The median ICU-LOS was 5 days (IQR = 2-10). Postoperative complications included postoperative major bleeding in 16.1% (n = 56/347), fatal bleeding in 1.2% (n = 4), cardiac arrest in 16.1% (n = 56/347), MI in 3.2% (n = 11/347), major adverse limb event in 0.3% (n = 1/347) and systemic embolism in 1.7% (n = 6/347). In the new onset POAF group, postoperative MI occurred in 13.0% patients (n = 3/23) and cardiac arrest in 34.8% (n = 8/23).
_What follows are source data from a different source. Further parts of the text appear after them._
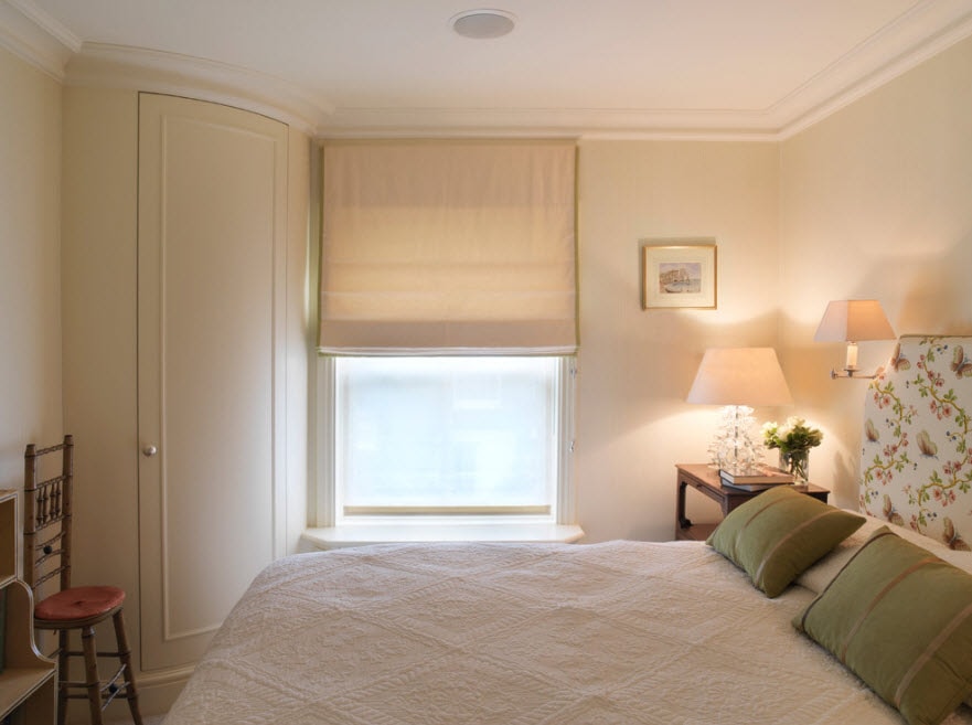 Угловое расположение шкафчика обычно определяет компактность размеров этого предмета интерьера. Дизайну комнаты с таким элементом обстановки всегда присуща аккуратность. Вариант идеален для малогабаритных пространств. Особенно, если используется шкаф-купе. Хрущевка или маленькая студия от присутствия подобной системы хранения всегда выигрывает.
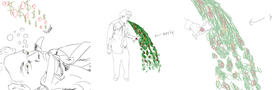 Excess (2009) A narrative series of tablet drawings printed on letter sized paper, revealing its original digital medium. Four drawings were composed regarding four open themes: Mega, Indulgence, Waste, Man-made and Amass.
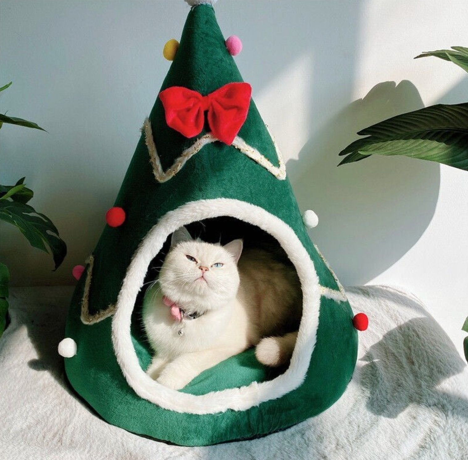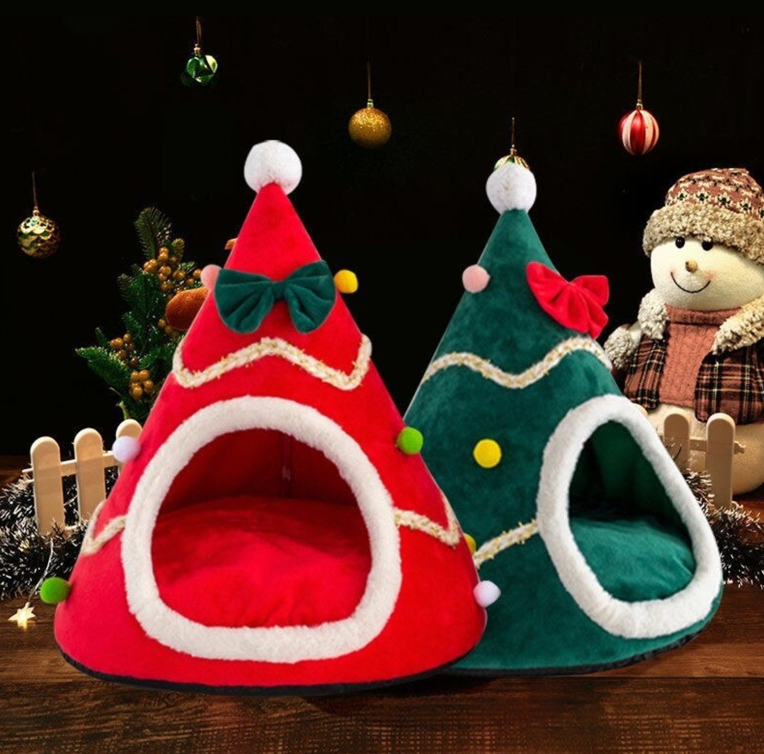 Adorable Velvet Christmas Tree Pet Bed-Furbaby Friends Gifts

Across all patients, the mortality was 19.0% (n = 66) and occurred at a median of 10 days (IQR = 4-21).

Bivariate analysis

Demographic and clinical characteristics: Compared to other groups, patients with new onset POAF were significantly older (mean age 79.6 ± 9.1 years) and were more likely to be White (n = 16/22, 72.7%) (P < 0.01) (Table 1). HTN was less common in patients without POAF and no history of AF (P = 0.014), while CHF and a history of stroke or TIA were more common in those with a history of AF but no POAF (P = 0.002 and P = 0.0006, respectively).
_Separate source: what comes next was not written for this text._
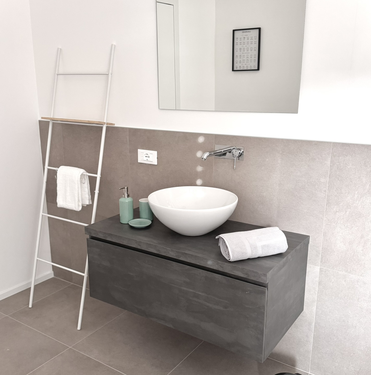 Pharmacies, bakeries, and supermarkets are just a few minutes’ walk away: here, you can truly forget about your car. On the first floor (with elevator): double bedroom, modern bathroom with walk-in shower and washing machine, and a bright living area with fast Wi-Fi, TV, table for four, and a sofa bed (18 cm high mattress). The kitchen is equipped with an induction stove, oven, fridge/freezer, dishwasher, and dishes. Fresh spaces and colorful accents create a simple and relaxing atmosphere. Plus: large terrace with two armchairs and a coffee table (perfect for breakfast or aperitifs).

Procedural characteristics: Compared to patients without AF history, patients with prior AF had significantly larger mean LA diameter (38.6 mm vs 43.6 mm, respectively P = 0.03) (Table 3). Among patients with a history of AF, the IVF intake was significantly higher in patients with POAF compared to those without POAF (2900 mL vs 1340 mL, P = 0.001). Among patients without POAF, IVF were administered more deliberately in patients without history of AF compared to those with a prior history (2280 mL vs 1340 mL, P = 0.044).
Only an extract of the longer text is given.